A24 has been on a tear for months now, thanks to stellar releases like Oscar darling Everything Everywhere All At Once and the Netflix series Beef — the latter being one of the best new series to hit the streaming giant so far this year. The company’s newest movie, meanwhile, is not only going to keep that winning streak going. It’s also going to end up near the top of so many “Best Movies of 2023” compilations, will break your heart, turn many of you into a sobbing mess, and very likely send you back out into the world looking backward and inward, weighing memories and regrets. Such is the nature of Past Lives, a dreamy, delicate gem from director Celine Song that’s nothing short of a marvel.

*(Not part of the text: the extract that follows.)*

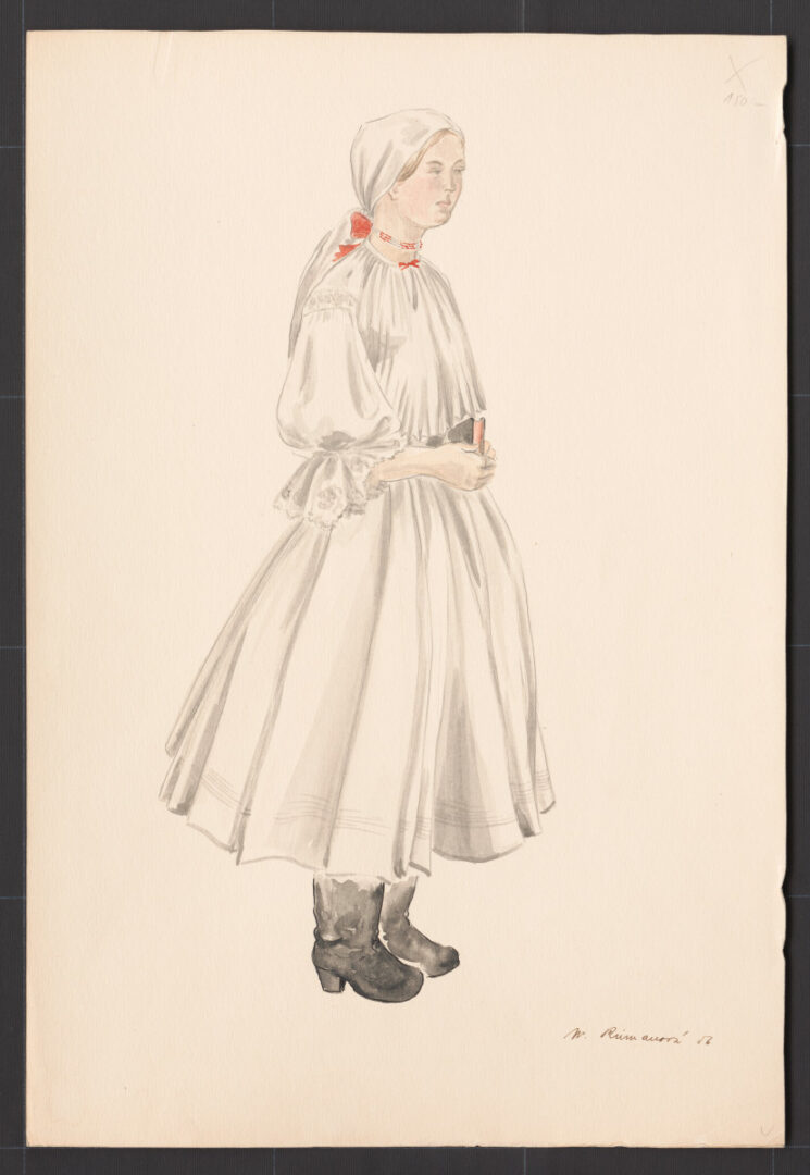 Sviatočný odev ženy v letnom období, Oščadnica, začiatok 20. storočia. Žena má oblečený rubáš, rukávce a sukňu (fortuch), všetko z domáceho ľanového plátna. Na sukni má opásanú zásteru (zopasku) z bieleho etamínu. Na hlave má na čepci uviazanú dlhú šatku (podvičku). Takto oblečené bývali vo sviatočné dni mladé ženy vo veku do tridsať rokov.
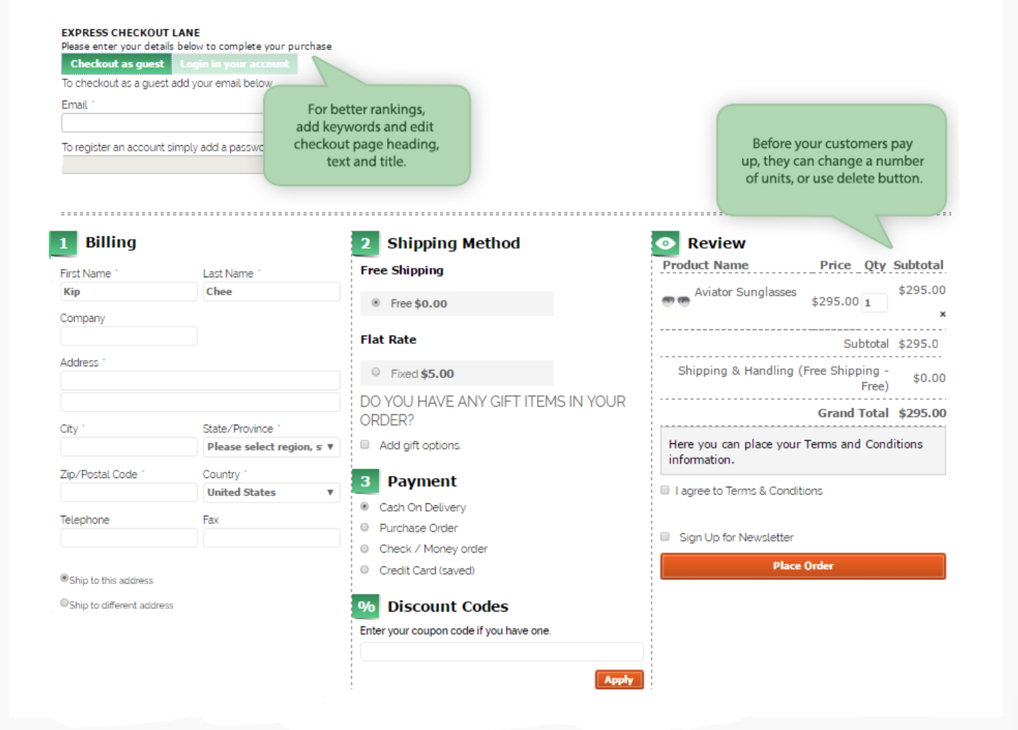 - Option to combine Cart and Checkout into one page

There’s a dreamy, melancholic quality to the movie that’s a little reminiscent of Sofia Coppola’s Lost in Translation. And ahead of its wide release scheduled for June 23, Past Lives has already debuted in limited release to rapturous reviews and near-perfect critics’ and audience scores on Rotten Tomatoes.
As for what it’s about, the synopsis from A24:
“Nora and Hae Sung, two deeply connected childhood friends, are wrest apart after Nora’s family emigrates from South Korea. Two decades later, they are reunited in New York for one fateful week as they confront notions of destiny, love, and the choices that make a life, in this heartrending modern romance.”
Streaming audiences will recognize Greta Lee, who plays Nora, from her work on series like Apple TV+’s The Morning Show and Russian Doll on Netflix. She is absolutely mesmerizing here, in a movie that draws from the Korean concept of “in-yun” — essentially, a relationship between two people within the context of destiny. The idea is described as comparable to following a set of breadcrumbs that’s unique to you over the course of your life. And if you’re unkind or unobservant along the way, you can irrevocably destroy that search for where the breadcrumbs end. Supposedly, according to Nora, in-yun can manifest itself even in something as mundane as two people cognizant of the fact that they’ve brushed each other’s sleeve on a busy city street.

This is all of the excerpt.